→ Records from a dataset
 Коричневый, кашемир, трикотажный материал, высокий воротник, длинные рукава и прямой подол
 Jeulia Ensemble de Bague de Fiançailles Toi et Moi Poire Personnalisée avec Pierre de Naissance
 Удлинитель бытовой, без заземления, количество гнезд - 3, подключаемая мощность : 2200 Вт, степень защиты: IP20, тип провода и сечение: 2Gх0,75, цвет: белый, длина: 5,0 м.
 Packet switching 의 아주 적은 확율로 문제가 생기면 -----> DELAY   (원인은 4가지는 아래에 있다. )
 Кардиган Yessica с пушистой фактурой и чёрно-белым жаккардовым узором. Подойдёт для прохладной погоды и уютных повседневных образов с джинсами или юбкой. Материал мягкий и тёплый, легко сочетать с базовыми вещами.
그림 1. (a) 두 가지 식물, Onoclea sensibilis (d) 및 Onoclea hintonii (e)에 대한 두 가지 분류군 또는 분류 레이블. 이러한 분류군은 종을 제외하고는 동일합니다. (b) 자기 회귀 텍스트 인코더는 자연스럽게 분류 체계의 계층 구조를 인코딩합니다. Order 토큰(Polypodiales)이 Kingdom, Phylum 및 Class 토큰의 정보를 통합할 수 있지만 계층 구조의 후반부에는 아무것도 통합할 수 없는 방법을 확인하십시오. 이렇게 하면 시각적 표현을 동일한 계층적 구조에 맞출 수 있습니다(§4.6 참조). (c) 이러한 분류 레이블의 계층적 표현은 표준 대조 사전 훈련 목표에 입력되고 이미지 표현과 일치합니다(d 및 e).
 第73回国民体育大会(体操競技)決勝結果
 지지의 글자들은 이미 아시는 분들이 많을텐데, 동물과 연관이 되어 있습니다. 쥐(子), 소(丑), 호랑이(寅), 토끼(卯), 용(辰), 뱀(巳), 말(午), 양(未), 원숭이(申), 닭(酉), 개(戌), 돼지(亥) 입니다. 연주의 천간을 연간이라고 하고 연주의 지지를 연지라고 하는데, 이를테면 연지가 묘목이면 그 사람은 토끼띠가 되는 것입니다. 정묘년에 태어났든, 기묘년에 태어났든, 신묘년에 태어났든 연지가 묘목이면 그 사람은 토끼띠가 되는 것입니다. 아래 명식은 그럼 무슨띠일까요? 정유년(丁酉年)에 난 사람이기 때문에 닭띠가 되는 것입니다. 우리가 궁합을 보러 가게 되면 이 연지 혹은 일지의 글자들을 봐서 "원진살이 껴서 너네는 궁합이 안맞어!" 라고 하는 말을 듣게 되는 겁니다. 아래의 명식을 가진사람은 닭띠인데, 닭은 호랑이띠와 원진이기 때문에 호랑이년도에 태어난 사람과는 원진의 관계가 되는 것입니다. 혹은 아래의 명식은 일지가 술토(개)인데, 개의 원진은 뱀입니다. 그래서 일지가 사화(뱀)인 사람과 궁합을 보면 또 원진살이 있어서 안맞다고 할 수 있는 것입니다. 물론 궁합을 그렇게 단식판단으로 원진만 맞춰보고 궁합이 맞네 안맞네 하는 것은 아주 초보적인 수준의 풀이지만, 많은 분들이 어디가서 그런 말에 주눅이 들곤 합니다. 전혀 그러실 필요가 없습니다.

→ WORK TASK
Up to and including the line with "Кардиган Yessica с", output each line of the entries above exactly, starting from the first.

→ EXERCISE RESULT
 Коричневый, кашемир, трикотажный материал, высокий воротник, длинные рукава и прямой подол
 Jeulia Ensemble de Bague de Fiançailles Toi et Moi Poire Personnalisée avec Pierre de Naissance
 Удлинитель бытовой, без заземления, количество гнезд - 3, подключаемая мощность : 2200 Вт, степень защиты: IP20, тип провода и сечение: 2Gх0,75, цвет: белый, длина: 5,0 м.
 Packet switching 의 아주 적은 확율로 문제가 생기면 -----> DELAY   (원인은 4가지는 아래에 있다. )
 Кардиган Yessica с пушистой фактурой и чёрно-белым жаккардовым узором. Подойдёт для прохладной погоды и уютных повседневных образов с джинсами или юбкой. Материал мягкий и тёплый, легко сочетать с базовыми вещами.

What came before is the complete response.